◆ What is required ◆
Reproduce every record exactly as it appears, but not the pictures.
- Opening Delimiter -
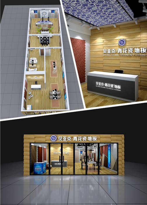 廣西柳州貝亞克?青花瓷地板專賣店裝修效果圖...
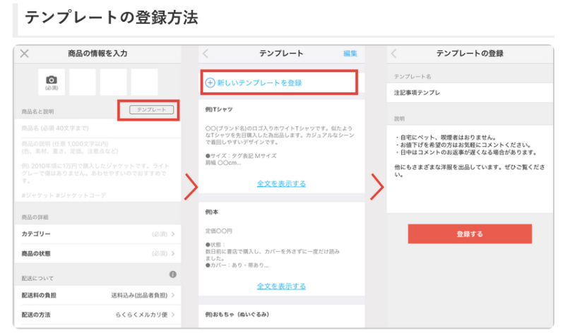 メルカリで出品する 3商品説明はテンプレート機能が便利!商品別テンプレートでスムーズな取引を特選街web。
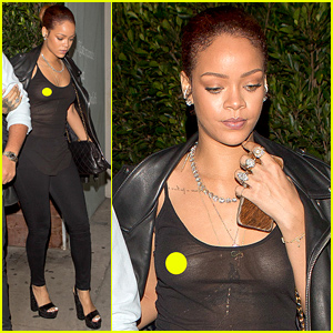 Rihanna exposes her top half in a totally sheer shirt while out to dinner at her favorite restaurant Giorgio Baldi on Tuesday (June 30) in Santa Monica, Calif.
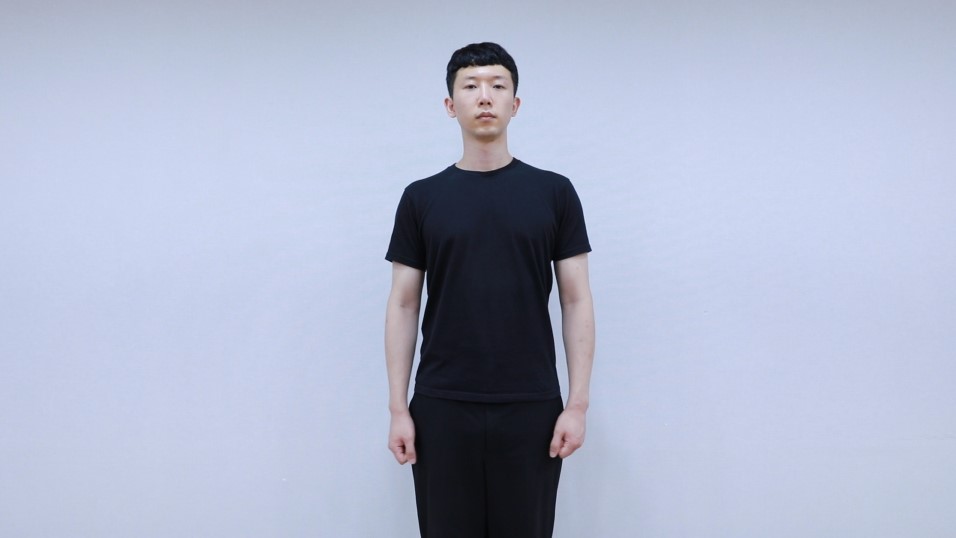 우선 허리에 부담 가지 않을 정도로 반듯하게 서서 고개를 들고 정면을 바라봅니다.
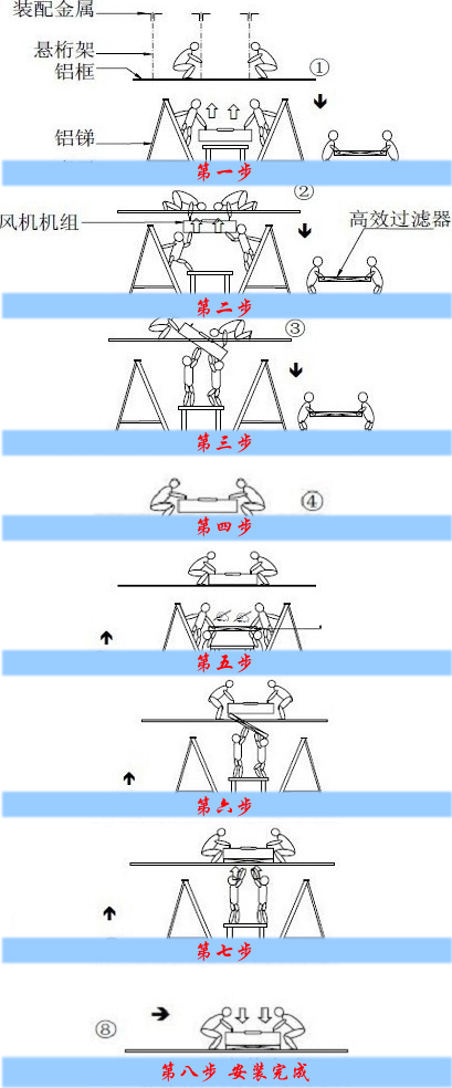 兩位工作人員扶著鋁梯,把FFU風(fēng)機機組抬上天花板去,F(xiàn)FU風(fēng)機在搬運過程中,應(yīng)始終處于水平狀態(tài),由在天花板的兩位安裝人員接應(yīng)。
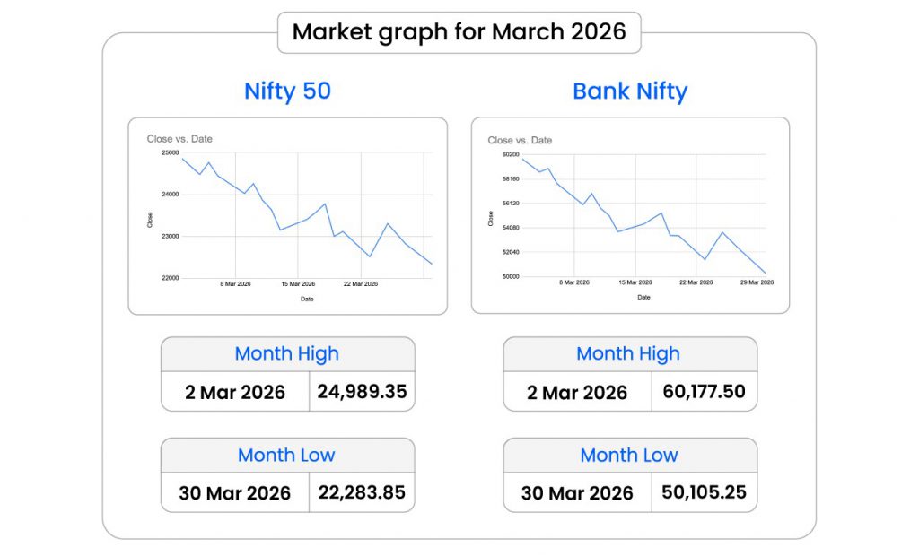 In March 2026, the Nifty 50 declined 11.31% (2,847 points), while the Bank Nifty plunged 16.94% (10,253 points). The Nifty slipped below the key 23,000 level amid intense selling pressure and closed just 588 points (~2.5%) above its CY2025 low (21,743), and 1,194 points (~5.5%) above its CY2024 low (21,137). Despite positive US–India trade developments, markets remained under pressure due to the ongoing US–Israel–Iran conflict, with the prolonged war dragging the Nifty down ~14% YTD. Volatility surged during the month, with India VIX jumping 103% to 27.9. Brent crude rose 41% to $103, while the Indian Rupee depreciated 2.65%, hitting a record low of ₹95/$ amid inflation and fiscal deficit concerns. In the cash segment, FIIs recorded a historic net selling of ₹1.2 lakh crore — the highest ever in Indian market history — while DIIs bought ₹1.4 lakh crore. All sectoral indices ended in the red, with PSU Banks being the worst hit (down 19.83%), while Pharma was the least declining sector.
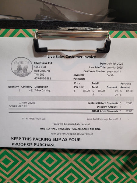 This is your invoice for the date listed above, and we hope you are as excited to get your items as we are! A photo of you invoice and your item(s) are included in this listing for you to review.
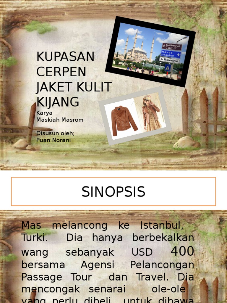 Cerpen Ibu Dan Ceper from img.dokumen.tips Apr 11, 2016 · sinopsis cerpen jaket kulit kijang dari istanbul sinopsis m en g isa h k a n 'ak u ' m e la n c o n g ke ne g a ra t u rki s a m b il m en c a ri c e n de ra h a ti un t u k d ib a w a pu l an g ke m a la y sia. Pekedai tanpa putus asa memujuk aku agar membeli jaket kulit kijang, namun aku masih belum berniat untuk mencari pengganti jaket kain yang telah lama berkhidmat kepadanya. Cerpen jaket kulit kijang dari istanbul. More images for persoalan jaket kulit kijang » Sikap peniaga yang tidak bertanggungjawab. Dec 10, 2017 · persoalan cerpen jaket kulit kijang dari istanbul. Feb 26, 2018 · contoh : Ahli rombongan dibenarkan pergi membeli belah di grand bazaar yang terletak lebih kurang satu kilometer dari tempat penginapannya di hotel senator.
- Closing Delimiter -
◆ Worked solution ◆
 廣西柳州貝亞克?青花瓷地板專賣店裝修效果圖...
 メルカリで出品する 3商品説明はテンプレート機能が便利!商品別テンプレートでスムーズな取引を特選街web。
 Rihanna exposes her top half in a totally sheer shirt while out to dinner at her favorite restaurant Giorgio Baldi on Tuesday (June 30) in Santa Monica, Calif.
 우선 허리에 부담 가지 않을 정도로 반듯하게 서서 고개를 들고 정면을 바라봅니다.
 兩位工作人員扶著鋁梯,把FFU風(fēng)機機組抬上天花板去,F(xiàn)FU風(fēng)機在搬運過程中,應(yīng)始終處于水平狀態(tài),由在天花板的兩位安裝人員接應(yīng)。
 In March 2026, the Nifty 50 declined 11.31% (2,847 points), while the Bank Nifty plunged 16.94% (10,253 points). The Nifty slipped below the key 23,000 level amid intense selling pressure and closed just 588 points (~2.5%) above its CY2025 low (21,743), and 1,194 points (~5.5%) above its CY2024 low (21,137). Despite positive US–India trade developments, markets remained under pressure due to the ongoing US–Israel–Iran conflict, with the prolonged war dragging the Nifty down ~14% YTD. Volatility surged during the month, with India VIX jumping 103% to 27.9. Brent crude rose 41% to $103, while the Indian Rupee depreciated 2.65%, hitting a record low of ₹95/$ amid inflation and fiscal deficit concerns. In the cash segment, FIIs recorded a historic net selling of ₹1.2 lakh crore — the highest ever in Indian market history — while DIIs bought ₹1.4 lakh crore. All sectoral indices ended in the red, with PSU Banks being the worst hit (down 19.83%), while Pharma was the least declining sector.
 This is your invoice for the date listed above, and we hope you are as excited to get your items as we are! A photo of you invoice and your item(s) are included in this listing for you to review.
 Cerpen Ibu Dan Ceper from img.dokumen.tips Apr 11, 2016 · sinopsis cerpen jaket kulit kijang dari istanbul sinopsis m en g isa h k a n 'ak u ' m e la n c o n g ke ne g a ra t u rki s a m b il m en c a ri c e n de ra h a ti un t u k d ib a w a pu l an g ke m a la y sia. Pekedai tanpa putus asa memujuk aku agar membeli jaket kulit kijang, namun aku masih belum berniat untuk mencari pengganti jaket kain yang telah lama berkhidmat kepadanya. Cerpen jaket kulit kijang dari istanbul. More images for persoalan jaket kulit kijang » Sikap peniaga yang tidak bertanggungjawab. Dec 10, 2017 · persoalan cerpen jaket kulit kijang dari istanbul. Feb 26, 2018 · contoh : Ahli rombongan dibenarkan pergi membeli belah di grand bazaar yang terletak lebih kurang satu kilometer dari tempat penginapannya di hotel senator.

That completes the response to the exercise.